A few days ago, I was asked a question about what to do if the project uses Mysql database and the access pressure of the database is too high. I answered that the first step is to increase the cache, such as redis cache database, to reduce the pressure. The second step is to limit the flow and use Hystix to control the flow of requests. Using the rabbitMq peak clipping, let part of check, part after the check, if the above doesn’t work, that is about to consider to use no database.

For example, if noSQL database is fast, it uses an inverted index. For example, if noSQL database is fast, it uses an inverted index.

If you think about how mysql is a relational database, it looks up the data, it looks up the table, its table is a B+ tree, and then it looks up the data that we want to look up in that B+ tree, and we call the data that we want to look up a keyword, We know that the data structure of B+ tree will optimize the time complexity of search to logn, which is the optimal way based on the search through the index, but it is obviously insufficient for a large amount of data. The data structure of inverted index can satisfy our query. It is searched by keyword and file mapping (this file can be understood as mysql table). We know that the time complexity of Map mapping is O1, so it is of course faster.

So how did he do that? What is his data structure?

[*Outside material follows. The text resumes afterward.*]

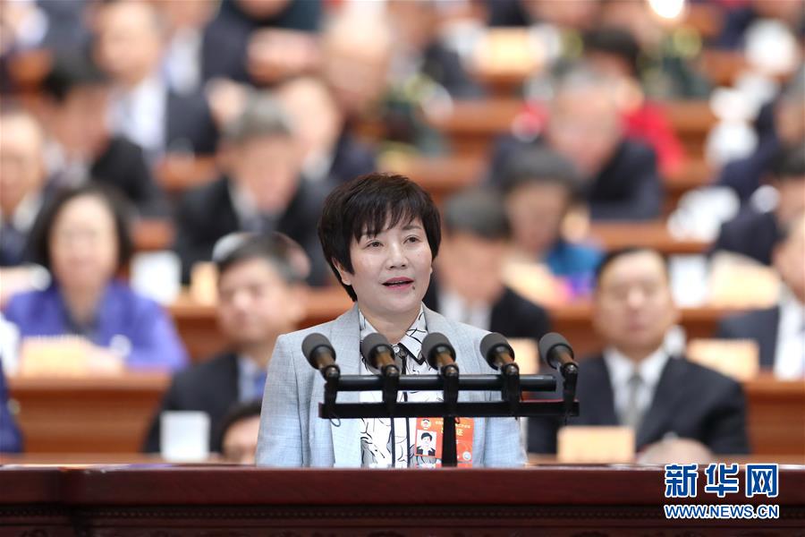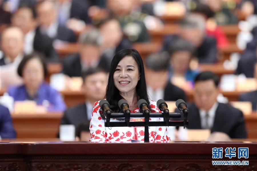3月11日,全国政协十三届二次会议在北京人民大会堂举行第四次全体会议。这是余留芬委员作大会发言。 新华社记者 丁海涛 摄

Let’s look at a word-document matrix

This matrix diagram shows the relationship between terms and documents, through which inverted indexes are implemented

The following are the basic concepts of inverted indexes

Document: The general search engine processing object is the Internet web page, while the concept of Document is broader, representing the storage object in the form of text, compared with the web page, covering more forms, such as Word, PDF, HTML, XML and other files in different formats can be called documents. An email, a text message, a tweet can also be called a document. Throughout the rest of this book, documents are often used to represent textual information. Document Collection: A Collection composed of several documents is called a Document Collection. For example, the vast number of Web pages on the Internet or the large number of e-mails are concrete examples of document collections.

The reference Document (the Document ID) : in the search engine inside, each Document in the Document collection will be given a unique internal number, this number as a unique identifier for this Document, so convenient internal processing, the interior of the each Document number is called “Document number”, later DocID is sometimes used to easily represent the Document number.

Word ID: Similar to document ID, a search engine internally uses a unique number to represent a Word, which can be used as a unique representation of a Word.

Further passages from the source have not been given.